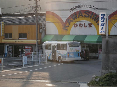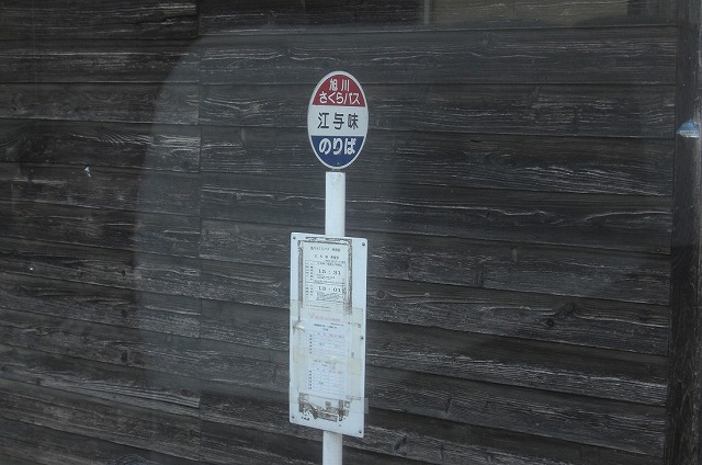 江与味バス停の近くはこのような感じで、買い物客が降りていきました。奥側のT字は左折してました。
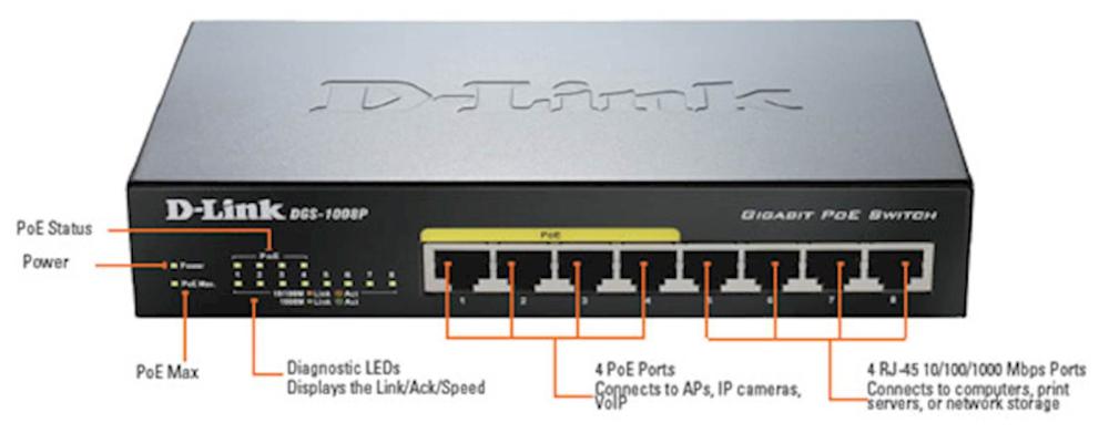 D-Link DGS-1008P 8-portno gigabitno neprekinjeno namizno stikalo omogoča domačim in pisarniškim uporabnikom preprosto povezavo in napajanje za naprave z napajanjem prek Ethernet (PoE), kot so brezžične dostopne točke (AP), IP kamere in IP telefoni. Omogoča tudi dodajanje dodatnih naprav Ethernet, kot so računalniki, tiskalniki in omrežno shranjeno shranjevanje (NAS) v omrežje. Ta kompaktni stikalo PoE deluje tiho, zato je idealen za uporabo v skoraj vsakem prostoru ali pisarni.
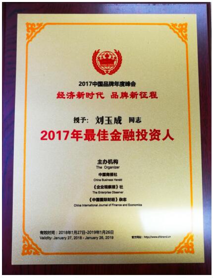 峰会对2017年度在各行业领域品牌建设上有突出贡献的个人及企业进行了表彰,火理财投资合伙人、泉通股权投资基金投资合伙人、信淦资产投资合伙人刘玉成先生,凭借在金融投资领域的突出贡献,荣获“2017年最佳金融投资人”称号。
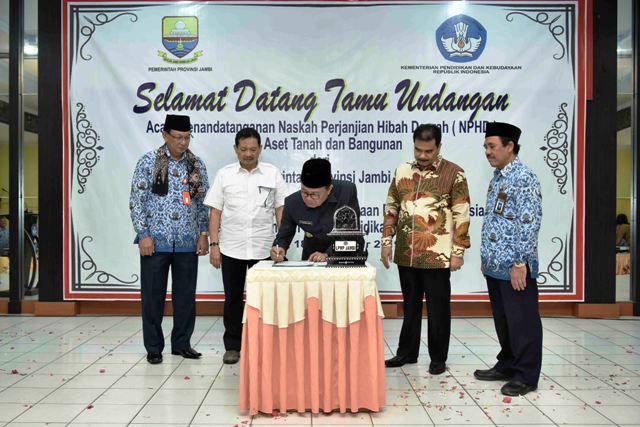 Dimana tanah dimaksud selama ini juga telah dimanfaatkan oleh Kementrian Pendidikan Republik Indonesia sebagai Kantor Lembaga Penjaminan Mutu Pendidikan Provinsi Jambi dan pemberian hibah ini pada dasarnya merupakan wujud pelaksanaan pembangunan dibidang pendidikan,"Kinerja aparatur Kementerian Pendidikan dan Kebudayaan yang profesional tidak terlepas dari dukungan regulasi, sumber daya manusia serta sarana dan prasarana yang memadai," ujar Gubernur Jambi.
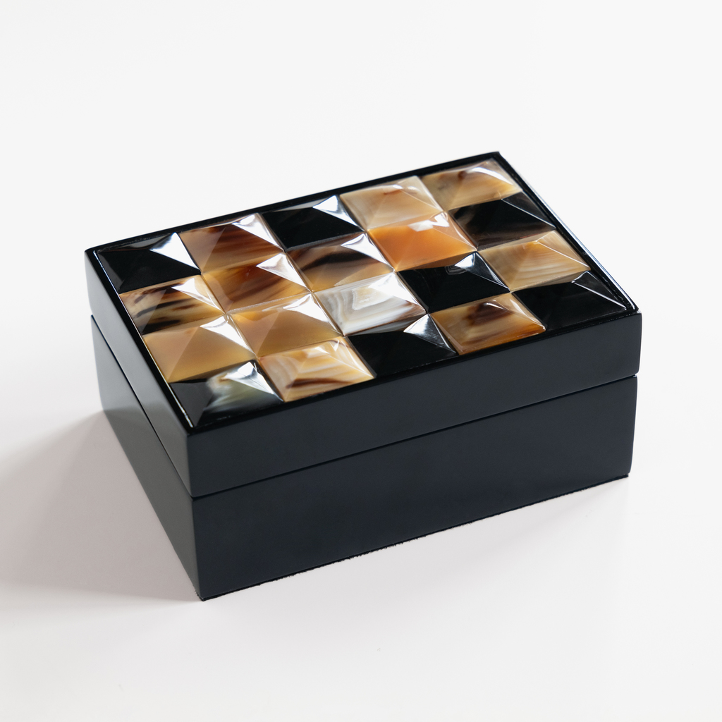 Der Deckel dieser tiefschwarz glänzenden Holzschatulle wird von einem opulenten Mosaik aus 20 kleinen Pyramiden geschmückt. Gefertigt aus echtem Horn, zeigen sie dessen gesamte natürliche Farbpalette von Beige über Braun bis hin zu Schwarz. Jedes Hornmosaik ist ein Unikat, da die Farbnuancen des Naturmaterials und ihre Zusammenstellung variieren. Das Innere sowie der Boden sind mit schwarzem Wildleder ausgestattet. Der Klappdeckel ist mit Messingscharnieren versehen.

**Task statement**
Treating the line with "Dimana tanah dimaksud" as the last line to include, retype the records exactly from their first line, excluding pictures.

**Answer to this exercise**
 江与味バス停の近くはこのような感じで、買い物客が降りていきました。奥側のT字は左折してました。
 D-Link DGS-1008P 8-portno gigabitno neprekinjeno namizno stikalo omogoča domačim in pisarniškim uporabnikom preprosto povezavo in napajanje za naprave z napajanjem prek Ethernet (PoE), kot so brezžične dostopne točke (AP), IP kamere in IP telefoni. Omogoča tudi dodajanje dodatnih naprav Ethernet, kot so računalniki, tiskalniki in omrežno shranjeno shranjevanje (NAS) v omrežje. Ta kompaktni stikalo PoE deluje tiho, zato je idealen za uporabo v skoraj vsakem prostoru ali pisarni.
 峰会对2017年度在各行业领域品牌建设上有突出贡献的个人及企业进行了表彰,火理财投资合伙人、泉通股权投资基金投资合伙人、信淦资产投资合伙人刘玉成先生,凭借在金融投资领域的突出贡献,荣获“2017年最佳金融投资人”称号。
 Dimana tanah dimaksud selama ini juga telah dimanfaatkan oleh Kementrian Pendidikan Republik Indonesia sebagai Kantor Lembaga Penjaminan Mutu Pendidikan Provinsi Jambi dan pemberian hibah ini pada dasarnya merupakan wujud pelaksanaan pembangunan dibidang pendidikan,"Kinerja aparatur Kementerian Pendidikan dan Kebudayaan yang profesional tidak terlepas dari dukungan regulasi, sumber daya manusia serta sarana dan prasarana yang memadai," ujar Gubernur Jambi.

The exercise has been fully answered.